Estimated damages from Fukushima range upwards over $600 billion. Such an accident in America would exhaust the insurance fund by a large margin.

In short, the government has introduced the same systemic risk into the nuclear power industry that we have seen in the financial sector. The industry gets the rewards; the rest of us absorb the risks.

Strict Liability

Famed libertarian law professor Richard Epstein has precisely diagnosed the risk problem. Writing in the Wall Street Journal about the 2010 BP Gulf of Mexico oil spill, he explained why

[t]he best way to deter future spills is to expose drillers to the full costs of any mistake and not let any company without proper insurance near an oil derrick.

Epstein was adamant:

The legal system should never allow self-interested parties to keep for themselves all the gains from dangerous activities that unilaterally impose losses on others—which is why the most devout defender of laissez-faire must insist, not just concede, that tough medicine is needed in these cases. 

Epstein advised ending the liability limit on oil companies:

The first element in the mix is a no-nonsense liability system that fastens full responsibility on the parties who run dangerous operations, no excuses allowed. Accordingly, we have to be especially wary of statutory caps on tort damages, including the current law…

Epstein explains why insurance companies are the best regulators:

A tough liability system does more than provide compensation for serious harms after the fact. It also sorts out the wheat from the chaff—so that in this case companies with weak safety profiles don’t get within a mile of an oil derrick. Solid insurance underwriting is likely to do a better job in pricing risk than any program of direct government oversight.
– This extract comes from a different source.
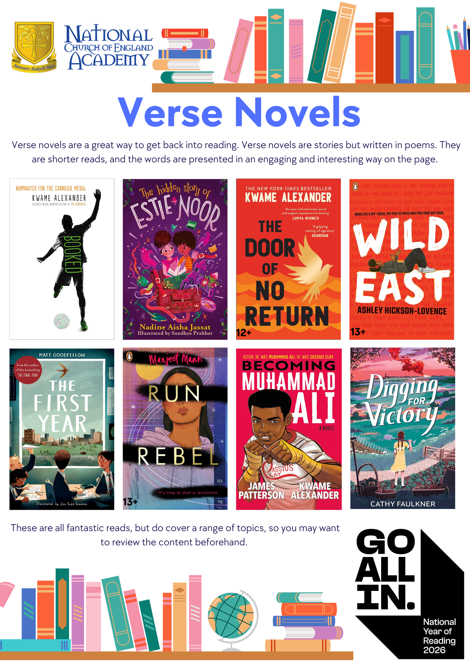 Please find below our regular reading recommendations from our academy librarian, Mrs Prestwood.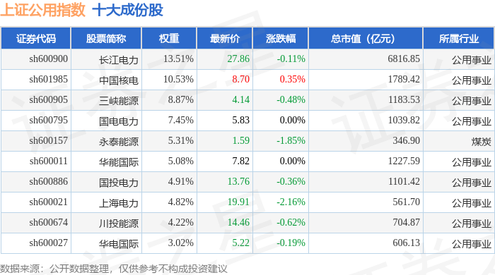 证券之星消息,12月11日,上证公用(000041)指数报收于2596.3点,跌0.19%,成交104.98亿元,换手率0.68%。当日该指数成份股中,上涨的有8家,九丰能源以3.12%的涨幅领涨,下跌的有19家,上海电力以2.16%的跌幅领跌。

Only strong players, highly incentivized and fully bonded, need apply for a permit to operate.

And yes, Epstein applies his logic to the Price-Anderson Act:

This logic also suggests that the Price Anderson Act's $375 million cap on damages for each responsible party to cover incidents at a nuclear power facilities should be rethought.

In a free market, insurance companies play a front-line role in determining acceptable risk. The Price-Anderson Act allows special interest groups and self-proclaimed experts to override the impartial judgment of the capital and insurance markets.

The single best judge of the safety of nuclear power plants is the insurance industry. The unwillingness of the insurance industry to sell operators of nuclear power plants anything more than a small fraction of the insurance they would need in the event of a major accident forces us to question the safety of nuclear power plants. Absent adequate protection, the financial markets would not accept the risk of holding the stocks or bonds of a utility operating nuclear power plants.  

Can Nuclear Power Evolve?

The nuclear industry is very much like the steel industry. The steel industry keeps asking for protective tariffs and each time assures us those tariffs are temporary. Similarly, advocates for the nuclear energy industry keep promising the protections of the Price-Anderson Act will, one day, not be necessary.

Their promises have been lies. The act, first passed in 1957, was renewed in 1966, 1975, 1987, 2002, and 2005. Renewing the Price-Anderson Act would continue to undermine accountability for nuclear power safety.Its current expiration date is 2025; no doubt it will be renewed again. Government subsidies, no matter how destructive, are virtually impossible to kill.

If the Price-Anderson Act is allowed to expire, the nuclear industry might develop new safety systems. When we testified in 1984, William Wood pointed the Congressional panel in that direction. He explained how the

fundamental safety problem of the nuclear industry…is the diffusion of the responsibility for safety and the knowledge of safety.

Wood explained why renewing the Price-Anderson Act would continue to undermine accountability for nuclear power safety:

If assets were at stake as they would be in the absence of artificial limit on liability, that would change. There would be a powerful motivation for those responsible for safety to tap into the knowledge about safety.

During our Congressional testimony, Wood said it best:

If we have an industry that cannot handle being liable for the consequences of its actions on third parties, then that is an industry we do not need.